Record excerpts =>
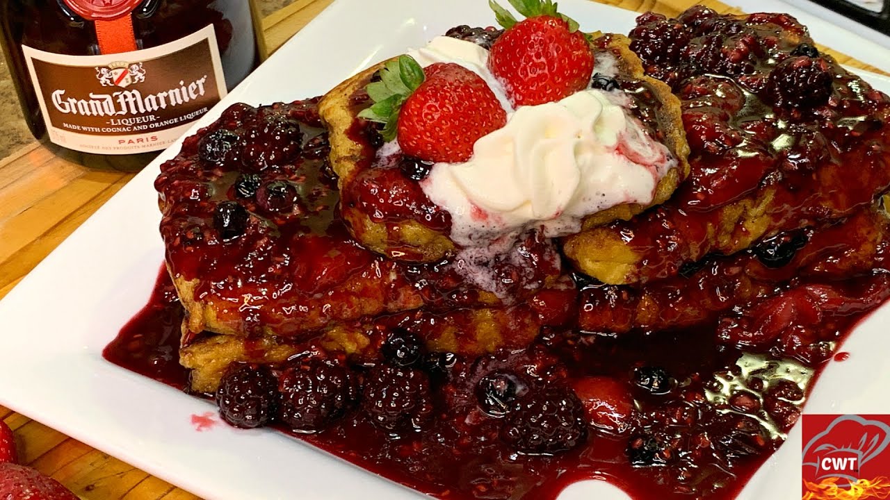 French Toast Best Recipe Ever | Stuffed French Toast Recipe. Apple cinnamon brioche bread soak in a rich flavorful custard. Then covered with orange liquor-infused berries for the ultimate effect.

---

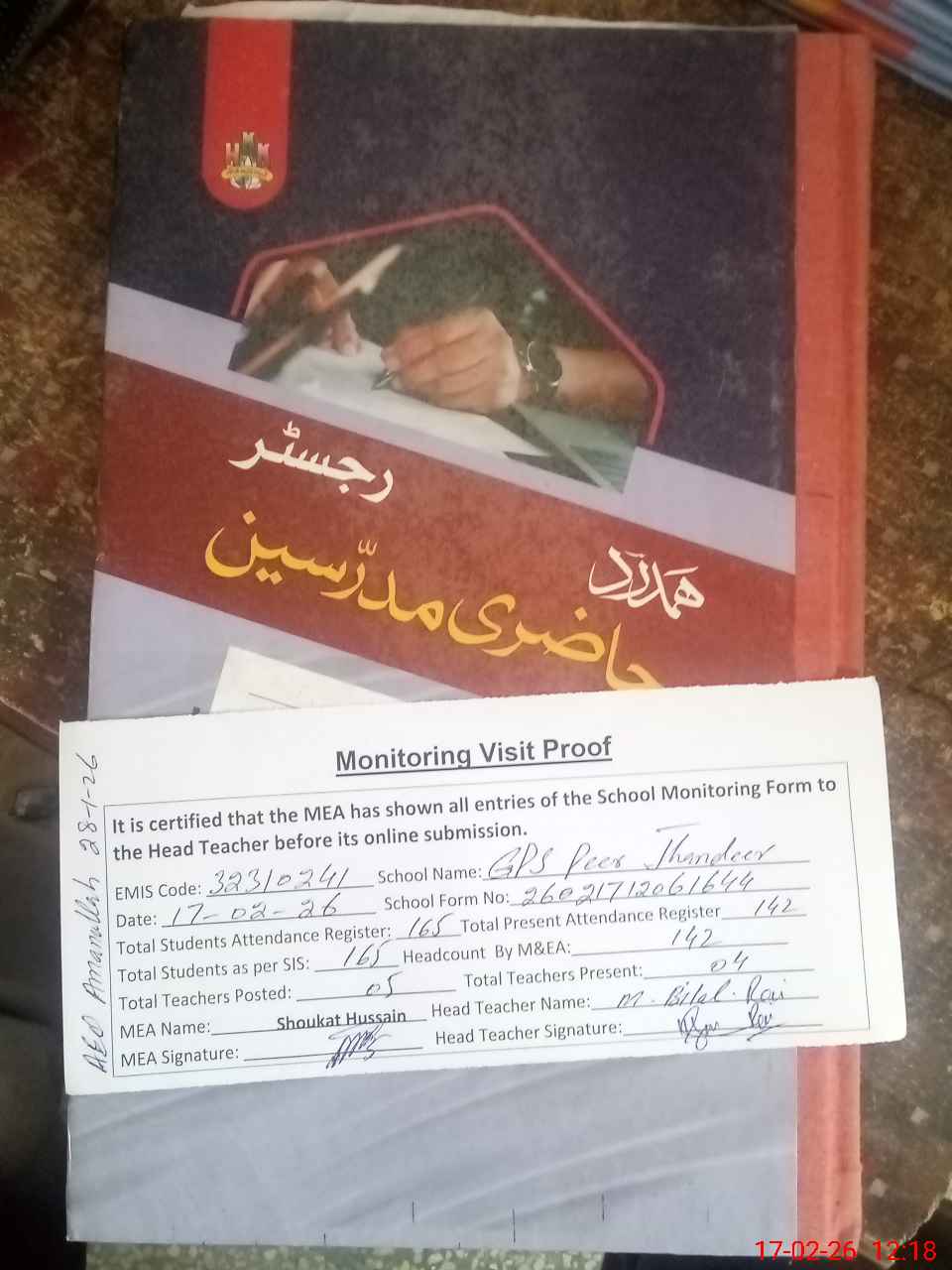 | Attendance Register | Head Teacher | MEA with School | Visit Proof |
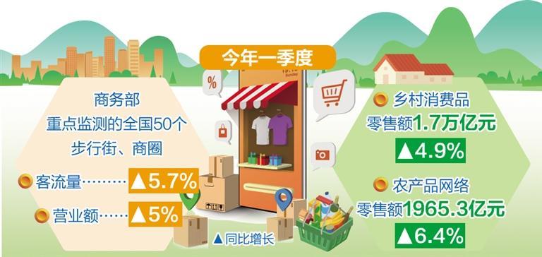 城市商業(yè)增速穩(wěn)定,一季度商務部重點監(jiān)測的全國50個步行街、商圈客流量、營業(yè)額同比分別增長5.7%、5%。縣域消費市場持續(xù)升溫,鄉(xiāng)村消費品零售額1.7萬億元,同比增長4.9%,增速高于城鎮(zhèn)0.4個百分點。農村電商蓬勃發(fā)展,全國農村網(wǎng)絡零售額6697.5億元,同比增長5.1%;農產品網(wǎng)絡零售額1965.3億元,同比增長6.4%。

What you should do => Once the line with "Visit Proof |" is found in the data above, reproduce it and each line after it exactly, through the line with "城市商業(yè)增速穩(wě". Omit the pictures.

Response area =>
 | Attendance Register | Head Teacher | MEA with School | Visit Proof |
 城市商業(yè)增速穩(wěn)定,一季度商務部重點監(jiān)測的全國50個步行街、商圈客流量、營業(yè)額同比分別增長5.7%、5%。縣域消費市場持續(xù)升溫,鄉(xiāng)村消費品零售額1.7萬億元,同比增長4.9%,增速高于城鎮(zhèn)0.4個百分點。農村電商蓬勃發(fā)展,全國農村網(wǎng)絡零售額6697.5億元,同比增長5.1%;農產品網(wǎng)絡零售額1965.3億元,同比增長6.4%。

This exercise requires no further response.